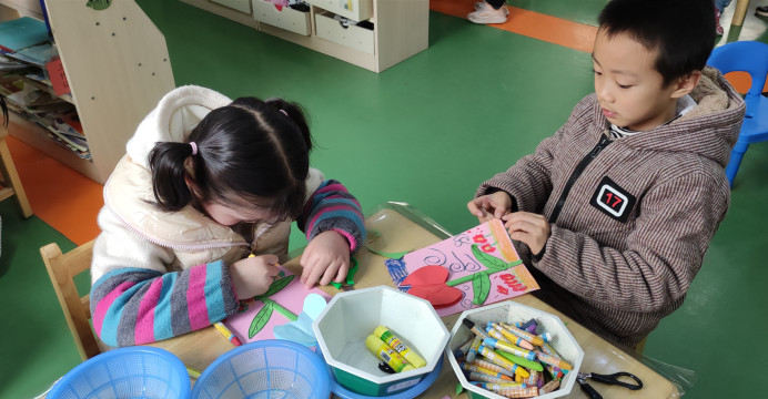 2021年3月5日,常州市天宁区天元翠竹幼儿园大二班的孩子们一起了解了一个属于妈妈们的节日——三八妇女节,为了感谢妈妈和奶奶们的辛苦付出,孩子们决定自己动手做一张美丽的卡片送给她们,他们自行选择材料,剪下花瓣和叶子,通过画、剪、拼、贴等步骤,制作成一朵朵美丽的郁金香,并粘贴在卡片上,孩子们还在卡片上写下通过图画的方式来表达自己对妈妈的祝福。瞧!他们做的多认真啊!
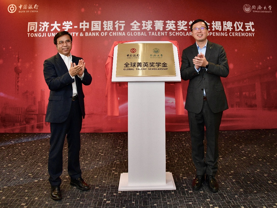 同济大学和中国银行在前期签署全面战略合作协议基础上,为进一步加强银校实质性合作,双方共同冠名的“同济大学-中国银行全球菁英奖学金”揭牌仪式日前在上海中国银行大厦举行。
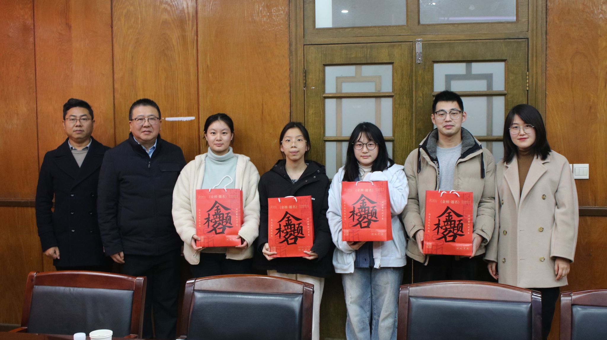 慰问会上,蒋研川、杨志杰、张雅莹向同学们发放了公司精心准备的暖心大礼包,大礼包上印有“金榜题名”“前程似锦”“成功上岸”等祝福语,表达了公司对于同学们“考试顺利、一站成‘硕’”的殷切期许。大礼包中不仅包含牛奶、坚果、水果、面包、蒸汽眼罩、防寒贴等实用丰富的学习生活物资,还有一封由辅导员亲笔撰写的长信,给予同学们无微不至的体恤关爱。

_ _ _ _ _

Starting with the line that contains "同济大学和中国银行在前期签署", print every line through the end of the data exactly as written; omit all pictures and add nothing else.

*Problem solution*.
 同济大学和中国银行在前期签署全面战略合作协议基础上,为进一步加强银校实质性合作,双方共同冠名的“同济大学-中国银行全球菁英奖学金”揭牌仪式日前在上海中国银行大厦举行。
 慰问会上,蒋研川、杨志杰、张雅莹向同学们发放了公司精心准备的暖心大礼包,大礼包上印有“金榜题名”“前程似锦”“成功上岸”等祝福语,表达了公司对于同学们“考试顺利、一站成‘硕’”的殷切期许。大礼包中不仅包含牛奶、坚果、水果、面包、蒸汽眼罩、防寒贴等实用丰富的学习生活物资,还有一封由辅导员亲笔撰写的长信,给予同学们无微不至的体恤关爱。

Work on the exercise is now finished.